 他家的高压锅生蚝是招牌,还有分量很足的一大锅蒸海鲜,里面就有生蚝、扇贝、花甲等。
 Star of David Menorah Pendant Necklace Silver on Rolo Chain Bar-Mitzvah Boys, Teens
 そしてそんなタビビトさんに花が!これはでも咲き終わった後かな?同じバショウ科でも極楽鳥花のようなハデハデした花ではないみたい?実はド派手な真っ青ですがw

...

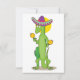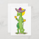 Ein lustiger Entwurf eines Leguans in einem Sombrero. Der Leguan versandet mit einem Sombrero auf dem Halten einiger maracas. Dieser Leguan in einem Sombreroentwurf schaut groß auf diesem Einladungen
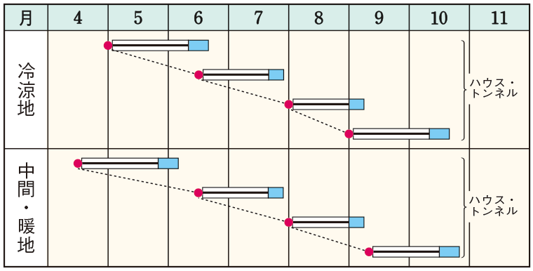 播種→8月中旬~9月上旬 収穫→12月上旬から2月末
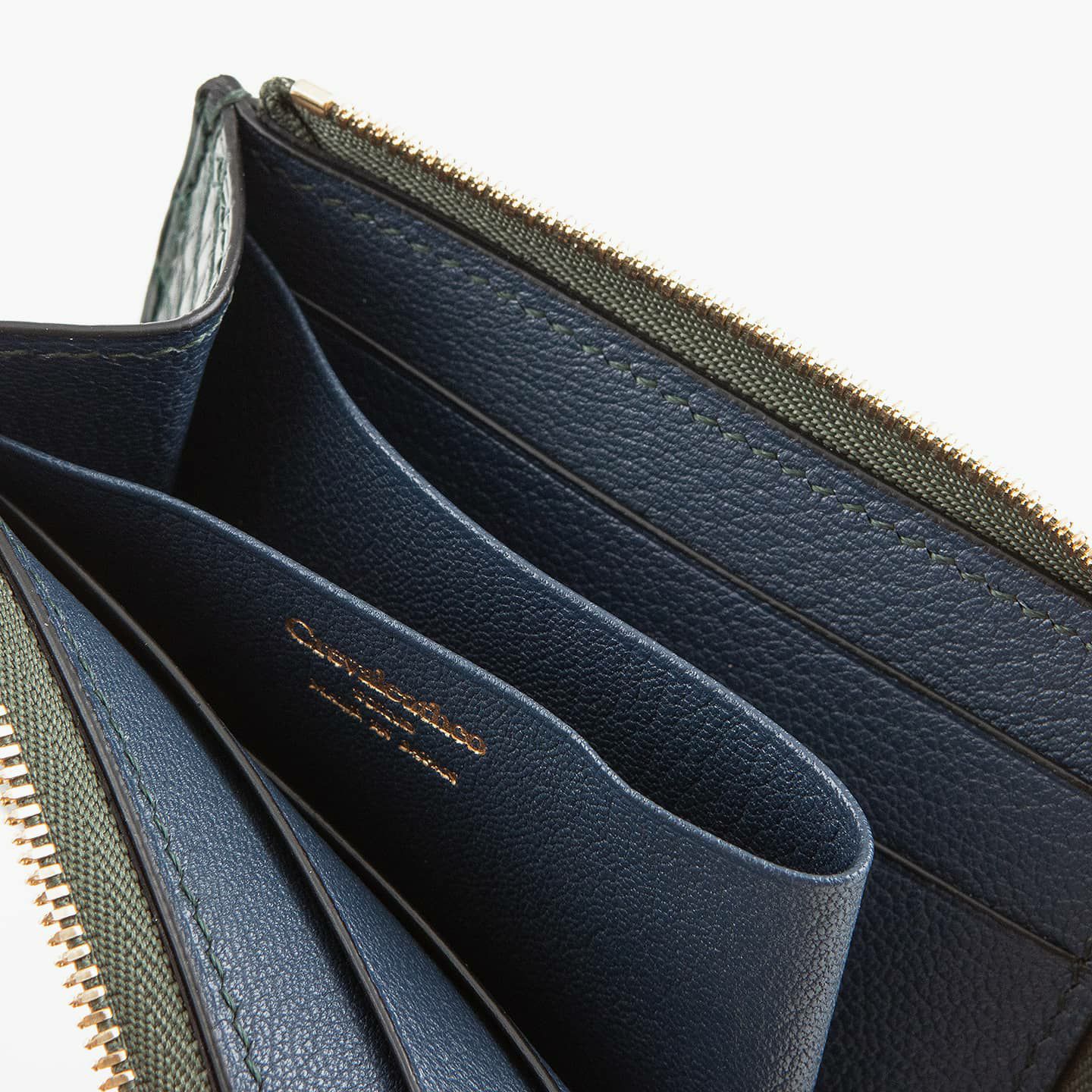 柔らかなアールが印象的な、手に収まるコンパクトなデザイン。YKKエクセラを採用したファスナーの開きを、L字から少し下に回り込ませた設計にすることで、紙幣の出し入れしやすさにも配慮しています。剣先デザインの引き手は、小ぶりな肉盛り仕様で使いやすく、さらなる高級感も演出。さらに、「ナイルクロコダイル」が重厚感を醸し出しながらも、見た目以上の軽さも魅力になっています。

= What you have to do =
In the material above, locate the line containing "Star of David" and the line containing "そしてそんなタビビトさんに花". Transcribe exactly those two lines and every line between them, and nothing more.

= Reply =
 Star of David Menorah Pendant Necklace Silver on Rolo Chain Bar-Mitzvah Boys, Teens
 そしてそんなタビビトさんに花が!これはでも咲き終わった後かな?同じバショウ科でも極楽鳥花のようなハデハデした花ではないみたい?実はド派手な真っ青ですがw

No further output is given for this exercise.